3.3 Choosing a deconvolution model

Seven deconvolution models are available. All models minimise the reconstruction loss ‖Y − ΠX‖² with different regularisation strategies. Benchmarking was performed on 320 synthetic pseudo-bulk replicates (P7 tumour, 4 purity levels × 4 sample counts × 20 seeds, max tree depth = 5, K = 8 clones).

Model selection quick-reference:

Scenario Recommended model Why
Default — matched normal sample available elastic_net (λ=0.01) Best synthetic F1 (0.347) and Sensitivity (0.368).
With-normal, if interpretability favoured tree_delta (λ=0.05) Nearly-tied F1 (0.339) with an explicit tree-structured prior; also strongest on with_extnorm.
With-normal, prioritise precision / low-FDR adaptive (λ=0.50) Highest MCC in with_normal (0.248).
Tumor-only (no normal reference) adaptive_v2 (λ=0.50) Best F1 (0.348), Sensitivity (0.360), MCC (0.256).
External (population-average) normal only tree_delta (λ=0.05) Best F1 (0.293) and Sensitivity (0.276).
Highest absolute expression recovery (Pearson r) plain (λ=0.10) Top star-topology Pearson r (0.942) among 7 models.

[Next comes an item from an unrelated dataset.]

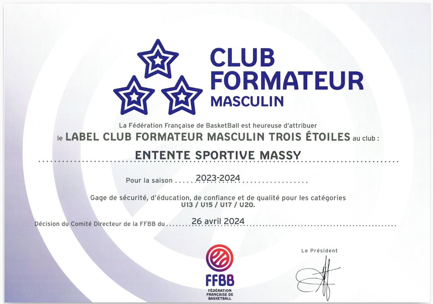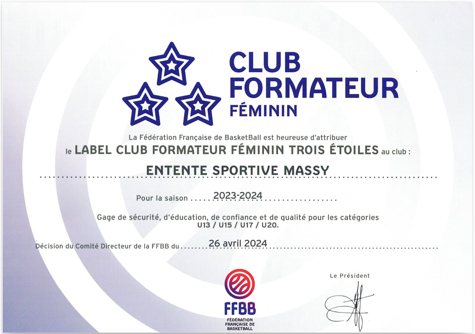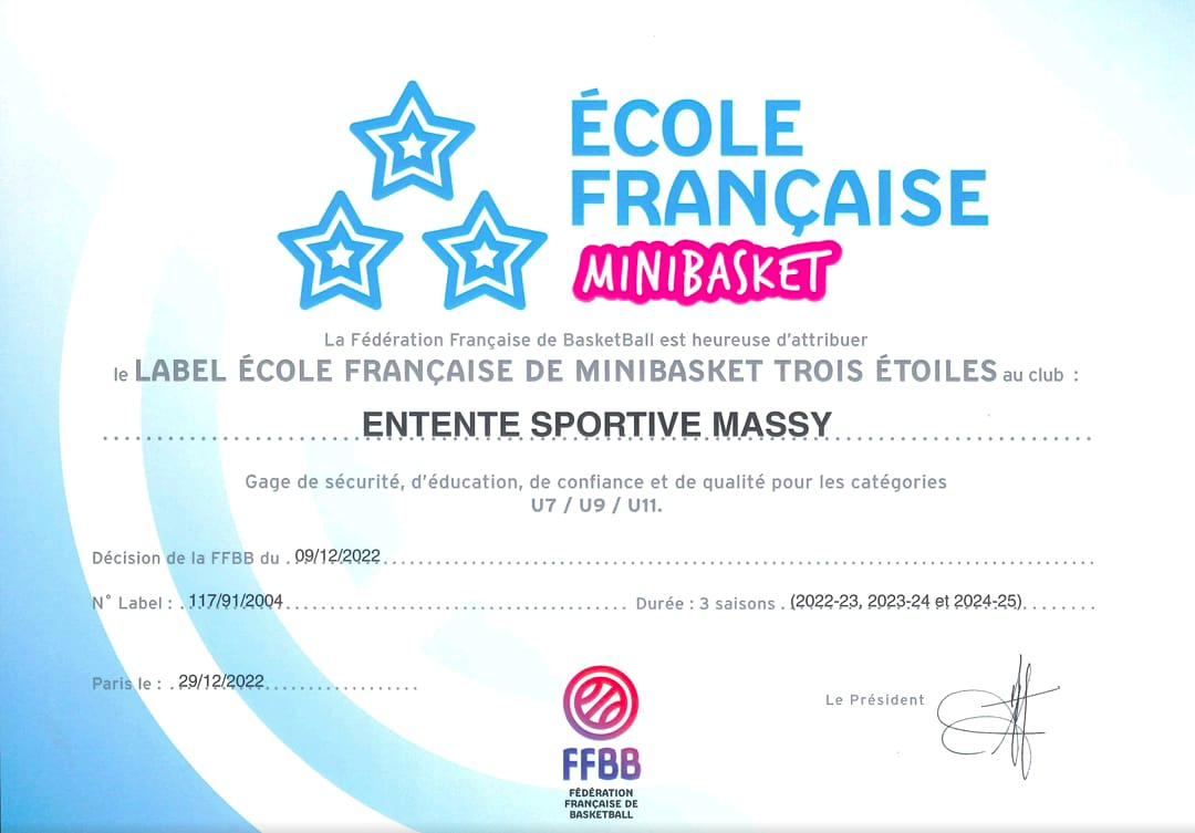 ES Massy Basket-ball Label club formateur *** 3 étoiles Féminin et Masculin en 2024

λ selection guidance: - The star-best λ values above are derived from the benchmarking study and are topology-agnostic (selected on a star topology to avoid over-fitting to a known tree). - If you have a matched normal sample, use model = "elastic_net", lambda = 0.01; for interpretability prefer model = "tree_delta", lambda = 0.05. - If no normal is available, use model = "adaptive_v2", lambda = 0.50. - fused_ew and elastic_net require lambda > 0; they will error at lambda = 0. - The cost of using star-best λ versus true-tree-best λ is at most ≈0.008 in Pearson r across all models.

5. Output files

File name Description
mcf.csv estimated MCF for each cluster in each sample
clusterAssign.csv cluster assignment of each SSM/CNA to each cluster
CN_results.csv estimation of the integer and major copy number of CNAs
tree.csv the tree with the highest score; all trees with tied highest score is available under all_trees directory.
subclone_proportion.csv estimated proportion of each cluster in each sample
purity.csv estimated purity for each sample, based on the tree structure
tree.png the image of a tree with the best score
upsetR.png the mutation profiles between samples; only available if number of samples is bigger than 1.
mcf.png the MCF chain trace from JAGS
mutationClusterAssign.csv table of all mutations information in all samples
clone_expression.csv clone level gene expression for each clone
GSEA directory contains all files from GSEA analysis

6. Additional file format

6.1 treeFile

A CSV file describing the tumor evolution tree used by the functions runDeconvolution() and runGSEA().

edge parent child
root->1 root 1
1->2 1 2

6.2 proportionFile

A CSV file of subclone proportions used by runDeconvolution(). Each row corresponds to a clone, and each column to a sample.

sample1 sample2
1 0.12 0.30
2 0.82 0.70

6.3 purityFile

A CSV file of tumor purity used by runDeconvolution().

sample1 sample2
0.70 0.50

6.4 driverFile

A CSV file that contains driver mutation information used for plotting by runPictograph().
If you use this file, ensure that the corresponding mutation file follows the format gene_extraInformation, where gene is the actual gene name. The gene_type column can be oncogene or tumor_suppressor (leave blank if unknown).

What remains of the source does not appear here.